### Work order
Verbatim transcription with images omitted: return the entries below in full.
Data records Block Start
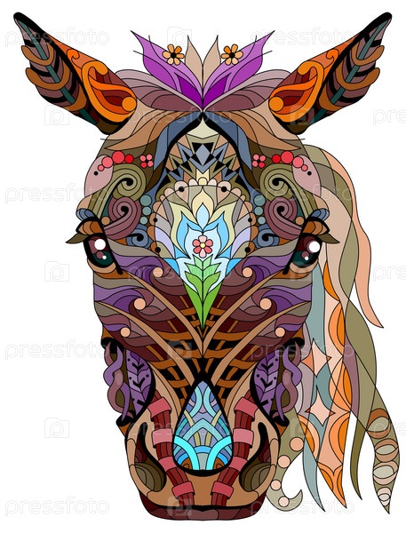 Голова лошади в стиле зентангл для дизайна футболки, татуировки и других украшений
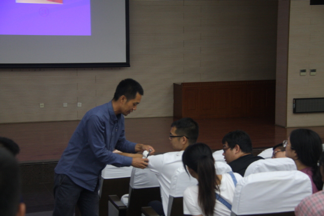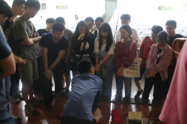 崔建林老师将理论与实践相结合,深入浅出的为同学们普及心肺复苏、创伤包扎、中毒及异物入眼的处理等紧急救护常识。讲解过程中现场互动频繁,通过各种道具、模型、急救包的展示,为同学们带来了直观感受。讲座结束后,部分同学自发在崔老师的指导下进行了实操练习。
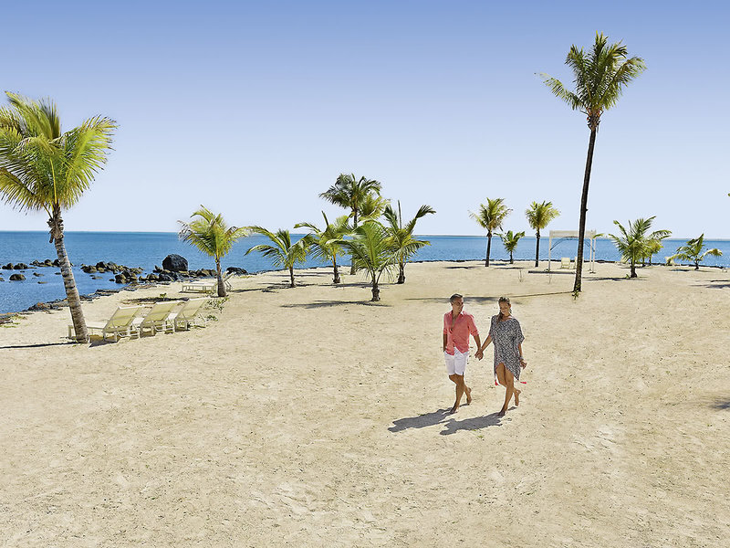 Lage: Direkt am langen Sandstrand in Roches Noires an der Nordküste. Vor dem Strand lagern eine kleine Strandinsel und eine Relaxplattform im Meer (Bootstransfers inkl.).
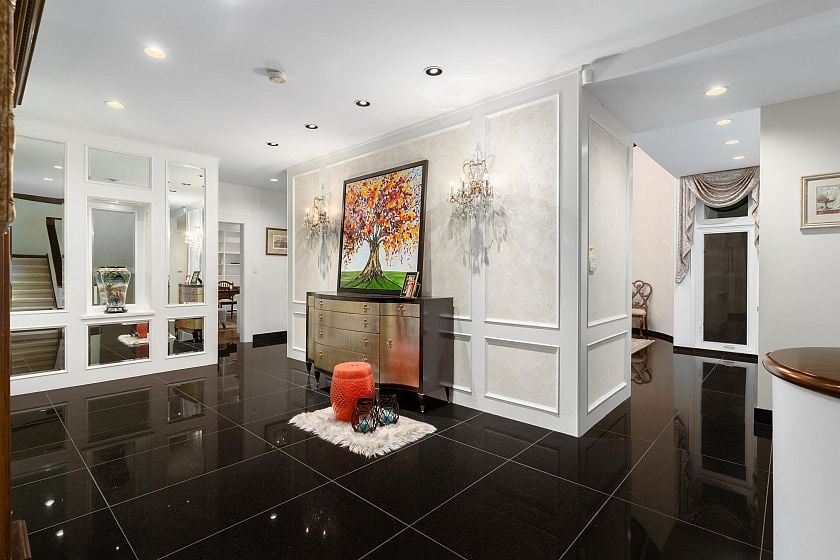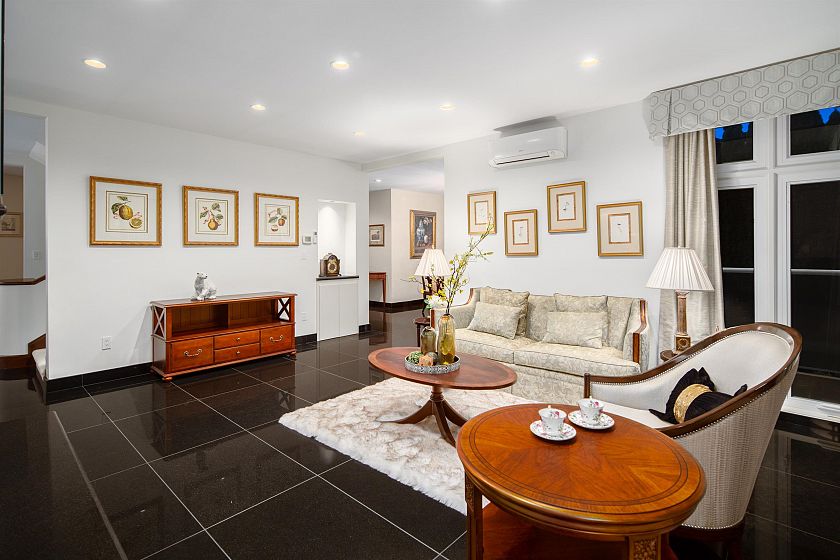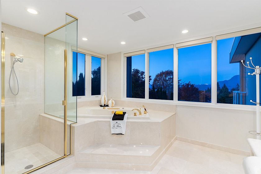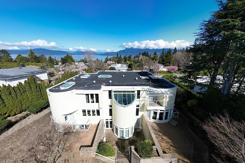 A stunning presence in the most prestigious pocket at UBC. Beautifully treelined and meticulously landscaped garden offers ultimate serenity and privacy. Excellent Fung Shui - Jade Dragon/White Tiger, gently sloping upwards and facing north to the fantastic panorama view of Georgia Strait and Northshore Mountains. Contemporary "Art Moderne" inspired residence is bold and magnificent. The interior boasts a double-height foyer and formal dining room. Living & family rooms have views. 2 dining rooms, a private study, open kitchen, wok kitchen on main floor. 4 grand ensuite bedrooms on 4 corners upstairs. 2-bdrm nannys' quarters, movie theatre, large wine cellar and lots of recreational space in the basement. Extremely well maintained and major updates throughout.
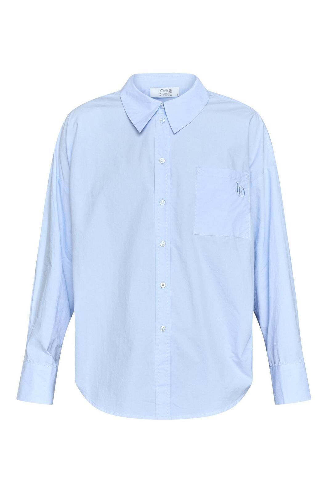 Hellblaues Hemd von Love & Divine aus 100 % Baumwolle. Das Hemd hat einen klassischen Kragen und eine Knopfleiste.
Data records Block End
### Solution to this exercise
 Голова лошади в стиле зентангл для дизайна футболки, татуировки и других украшений
 崔建林老师将理论与实践相结合,深入浅出的为同学们普及心肺复苏、创伤包扎、中毒及异物入眼的处理等紧急救护常识。讲解过程中现场互动频繁,通过各种道具、模型、急救包的展示,为同学们带来了直观感受。讲座结束后,部分同学自发在崔老师的指导下进行了实操练习。
 Lage: Direkt am langen Sandstrand in Roches Noires an der Nordküste. Vor dem Strand lagern eine kleine Strandinsel und eine Relaxplattform im Meer (Bootstransfers inkl.).
 A stunning presence in the most prestigious pocket at UBC. Beautifully treelined and meticulously landscaped garden offers ultimate serenity and privacy. Excellent Fung Shui - Jade Dragon/White Tiger, gently sloping upwards and facing north to the fantastic panorama view of Georgia Strait and Northshore Mountains. Contemporary "Art Moderne" inspired residence is bold and magnificent. The interior boasts a double-height foyer and formal dining room. Living & family rooms have views. 2 dining rooms, a private study, open kitchen, wok kitchen on main floor. 4 grand ensuite bedrooms on 4 corners upstairs. 2-bdrm nannys' quarters, movie theatre, large wine cellar and lots of recreational space in the basement. Extremely well maintained and major updates throughout.
 Hellblaues Hemd von Love & Divine aus 100 % Baumwolle. Das Hemd hat einen klassischen Kragen und eine Knopfleiste.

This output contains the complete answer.